Reviews of his work were included in Die Neue Zeitung, a German newspaper which said: “His paintings reveal a modern temperament. His colouring is sometimes developed up to brilliance.”

The New York Art Digest wrote: “He handles both oil and water colours with an air of discovery, spontaneity…”

His exhibitions were met with favourable reviews in every country he visited. Ajmal regarded art as the most exciting adventure; he experimented with style and media, often with brilliant results. At one time Ajmal had studios in London, Paris and Karachi. His was the second exhibition to be held at the newly opened Indus Gallery in 1971, and Ali Imam spoke of the artist’s abstract paintings as jewels. Though they were much admired, and the collection shown abroad to interest, this proved to be Ajmal’s only venture into abstraction.

Ajmal spent months in Karachi every year, but in 2005, he made it his permanent base. Then in 2007, his son Adman, who was a photographer in Paris, was diagnosed with malignant cancer. Ajmal travelled to be near him when he fell critically ill and had to undergo major surgery. It was after six months that he returned to Karachi, while his son continued his treatment. In his biography Ajmal recounts his happiness when in 2008, his daughter Samira with his son Adman, who was in remission, came to visit him in Karachi. With optimism Ajmal began to work on a new and major series, using over eight types of media including the metallic colours of gold and copper, luminescent oil pastel, gouache and acrylic. He fused the media to create a new art genre, which was shown at the Goethe Institut in 2010, 49 years after his debut exhibition in Germany.

Ajmal had plans to exhibit his new collection in Paris, but he received the news that his son was desperately ill, and left immediately to be with his boy. Adman’s death drove Ajmal into seclusion on his return to Karachi, rallying to remember his son’s wish that he should publish a book on — what Adman referred to — his adventurous life. Ajmal began to seriously compile his work in a book that was published in 2013.

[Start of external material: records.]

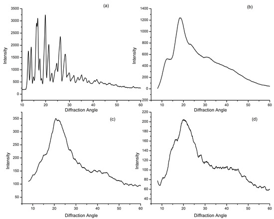 XRD diffractogram of VRC (a), HPβCD (b), Blank (c), and Loaded HPβCD based polymeric nanobeads (d).
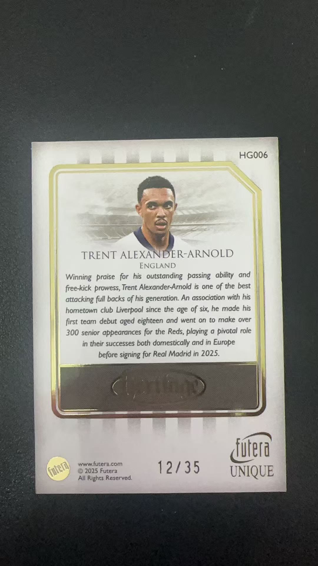 ![2025 Futera Futera Unique Trent Alexander Arnold [年轻人球星卡]接代拍 温斯 福特拉 阿诺德 英格兰 12/35编 不保卡品 拍前看描述](https://images.cardhobby.com/df0799e2083dbaef28eb3b63ba4a25761765018180708.jpg)
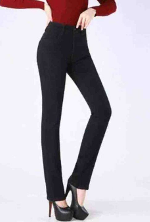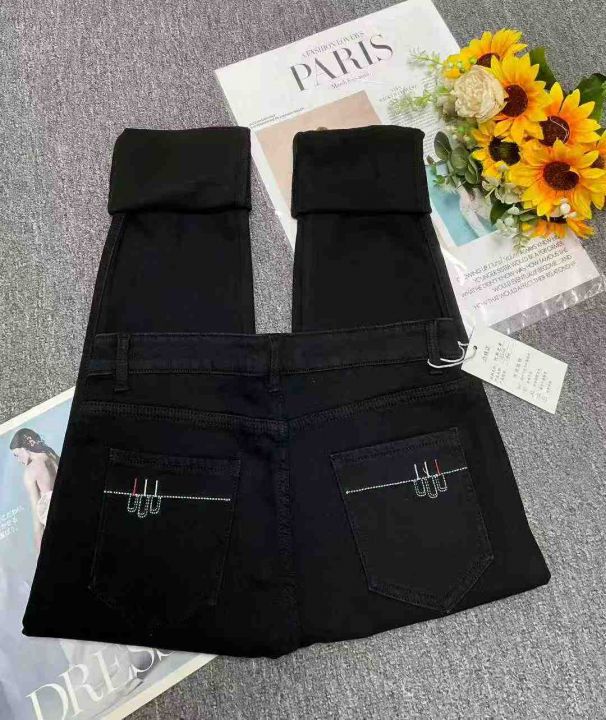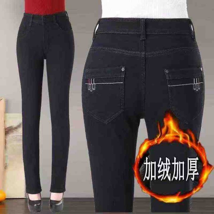 秋冬新款弹力加绒加厚女装洗水棉牛仔长裤,独立包装带...
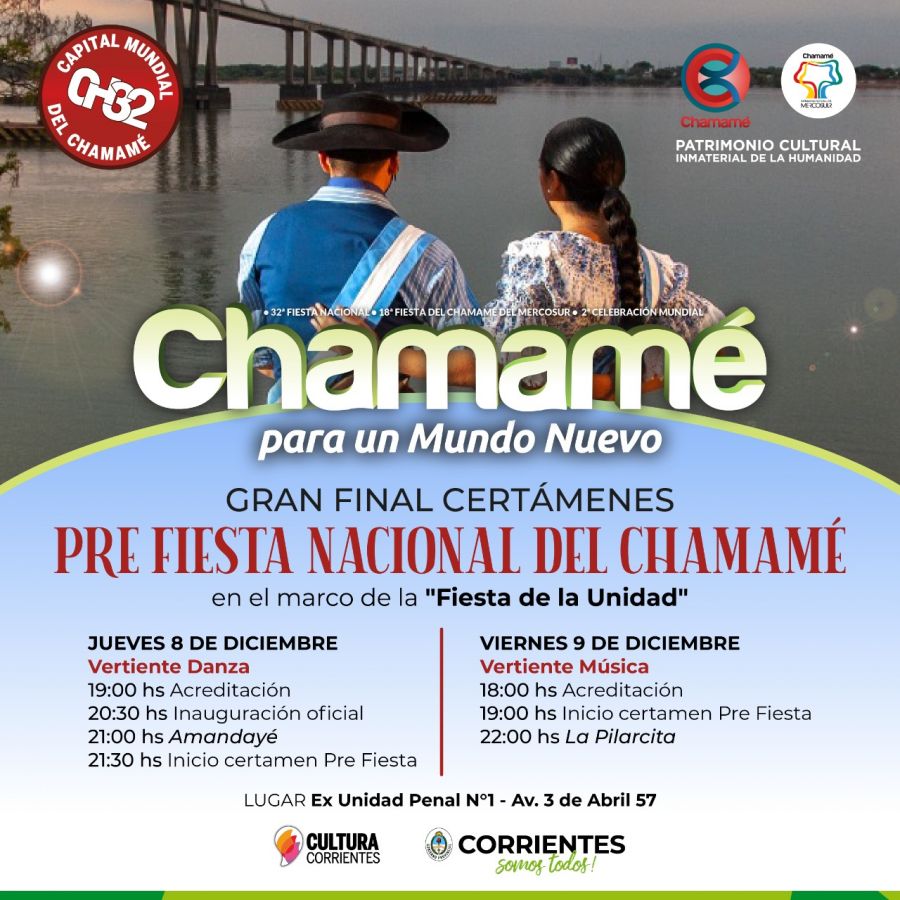 Además, la Gran Final de los certámenes Pre Fiesta del Chamamé se desarrollará el jueves 8 y viernes 9 de diciembre en la ex Unidad Penal Nº1, en el marco de la Fiesta de la Unidad. La primera jornada dará inicio a las 19 horas, con el selectivo de la vertiente danza, y la actuación de Amandayé; mientras que el segundo día será el turno de la vertiente música y cerrará con la actuación de La Pilarcita.
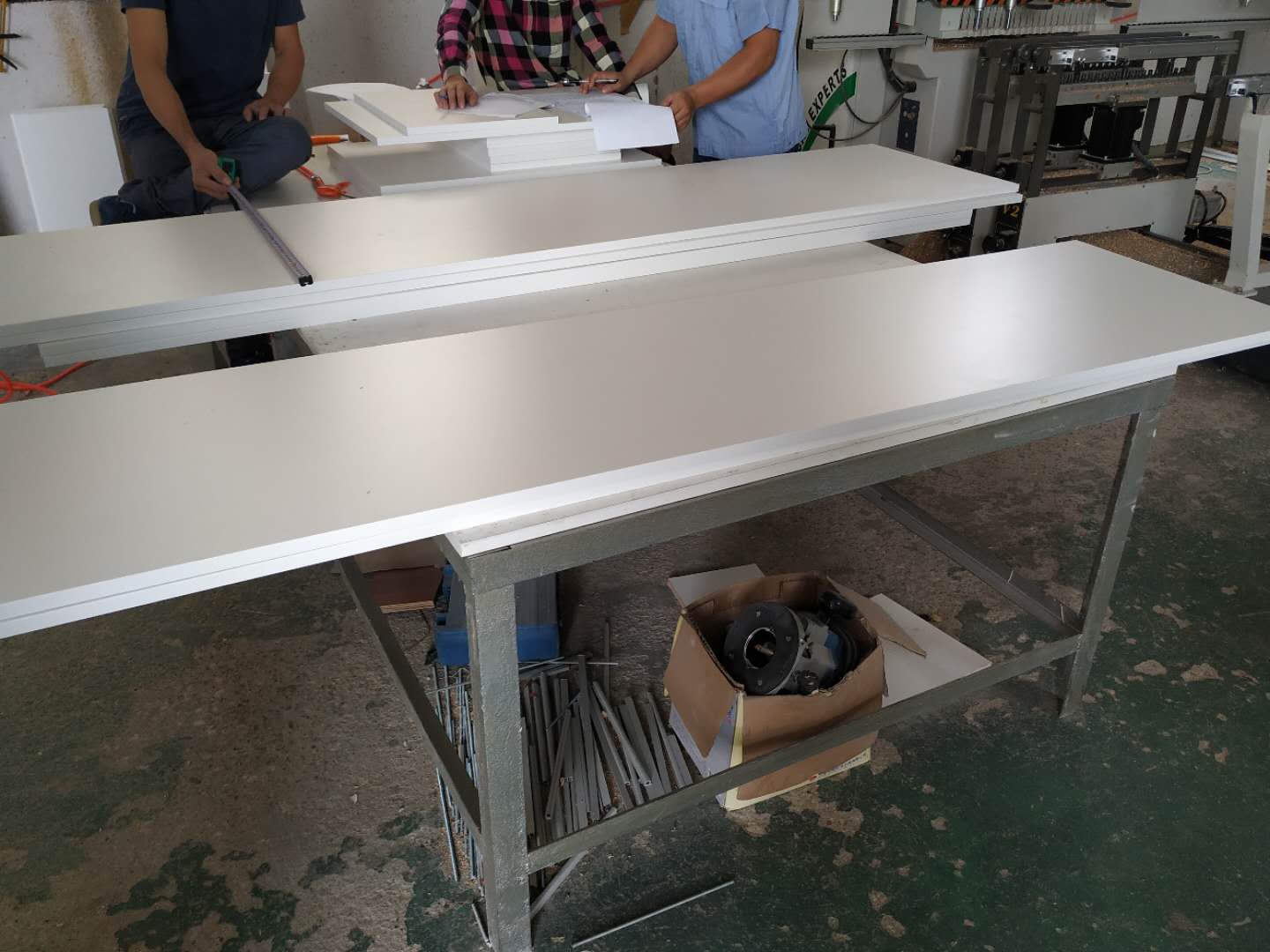 開(kāi)始制作啦,櫥柜吊柜板打孔中,使用暖白色平安樹實(shí)木多層板制作,板材有平安樹高級(jí)防偽標(biāo)志哦!
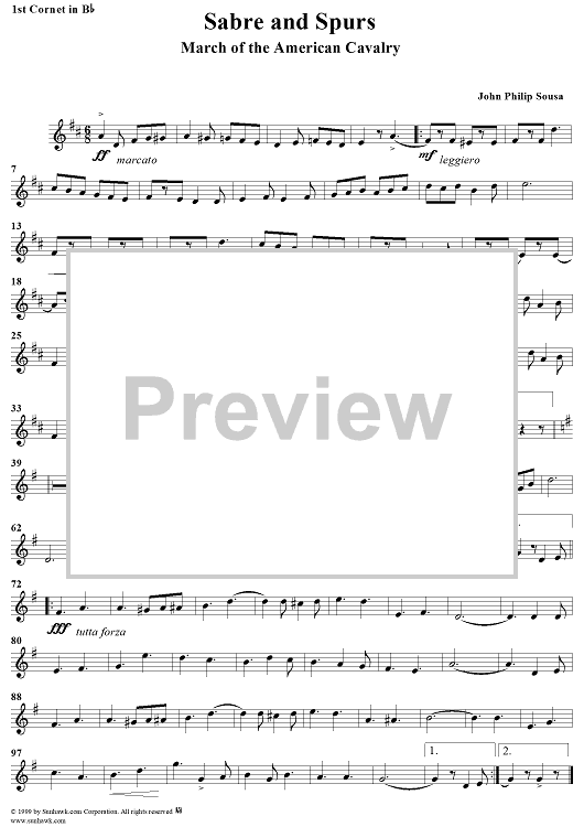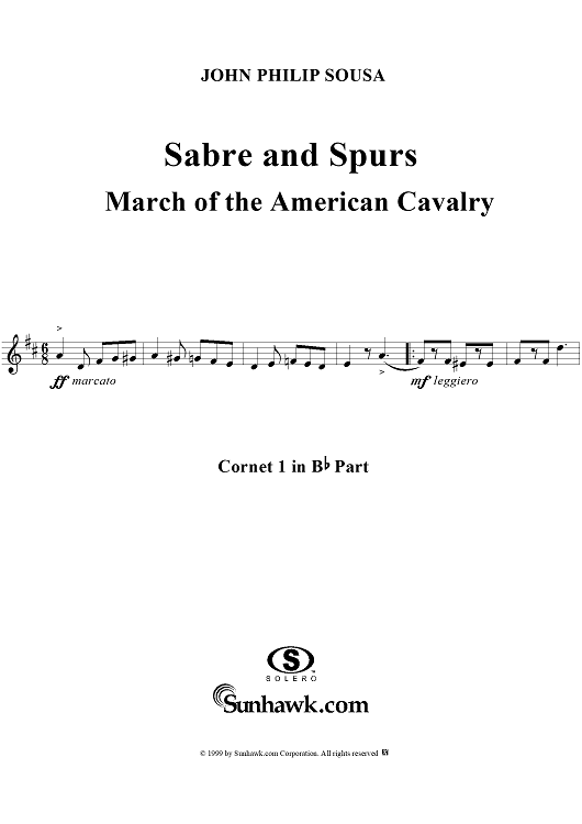 "Sabre and Spurs - Cornet 1" Sheet Music by John Philip Sousa

In 2012, he had been the only artist from Asia to participate in the Triennial d’Art Contemporain of Paris, at the Cite Internationale des Arts. A full-page tribute to Ajmal was given in the official catalogue where a large digital abstract painting was shown.

It was written: “He is a great Pakistani modern painter. He continues to paint at the age of 87 without stopping to overcome his sadness to see the troubles that prevail in his country.”

Plans for the book launch were underway when Ajmal became seriously ill and passed away. His biography finishes with his own words: “I have tried to paint throughout my life, beautiful and happy paintings. Whatever the style or subjects of the work, it was meant to please and seduce my viewers at an aesthetic level.”